I drove east out of Little Rock, passing by miles and miles of farms and fields and an occasional swamp. One of the first small towns I drove through was England (population around 3,000). This is an agriculture town, and it contains a good collection of interesting old buildings.


Further down the road was this old cotton gin (I think?), in the small community of Coy.



Next stop was the town of Stuttgart, which bills itself as the "Rice and Duck Capitol of The World." Stuttgart is the home of Riceland Foods, which is the world's largest miller of rice. The town is dominated by several large rice elevators, which looks like skyscrapers when seen from the distance.


Stuttgart is also home to the Museum of the Arkansas Grand Prairie, which features a few recreations of buildings from the earliest days of the city. This church is supposed to be similar to ones used by the towns German settlers.


South of Stuttgart I saw this farm building standing tall in the middle of dusty field. I turned onto a bumpy dirt road to try to get closer, and maybe take a few pictures. I'm not sure what this is, or what is does. But it really stood out in the miles of flat farmland.


The next stop on the Delta tour was Helena-West Helena. The conglomeration of Helena-West Helena is fairly new, the two cities combined in 2006. But they are both old towns. Helena was founded in 1833 as a port on the Mississippi River. It was a major steamboat stop, due to its location between Memphis and Vicksburg. West Helena was established in 1917, and was home to the more industrialized part of the city. Helena became famous for the Blues, being home to one of the first radio stations to play blues music. It's now home to the King Biscuit Blues Festival, one of the largest in the country.

But like most cities in the Delta, Helena and West Helena were stung by population loss and economic stagnation. Downtown Helena is proof of that, with several abandoned buildings sitting along empty streets.

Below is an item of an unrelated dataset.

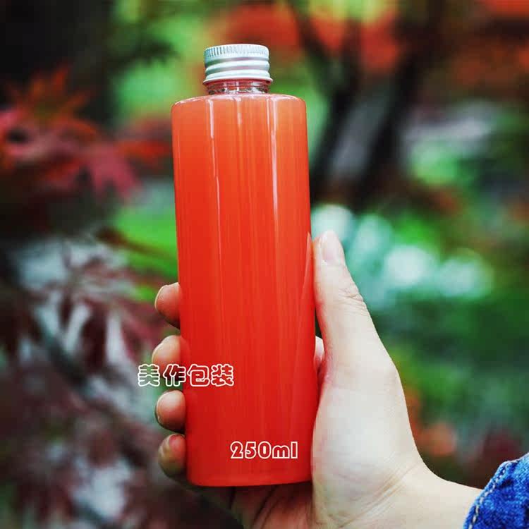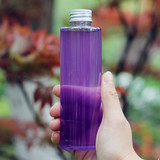 - AJ250 Прозрачная бутылка с плоским плечом и серебристой алюминиевой крышкой.

Several buildings have collapsed, but you can tell that there has been a lot of effort to revitalize Main Street. Hopefully they can turn things around here, it's a shame to see old downtowns fading away.

Along the way back home, I stopped by the Dagmar Wildlife Management Area. I got there right after sunset, and took a few pictures at Hickson Lake. I stayed out there long enough to be dinner for several mosquitoes, and then headed back home.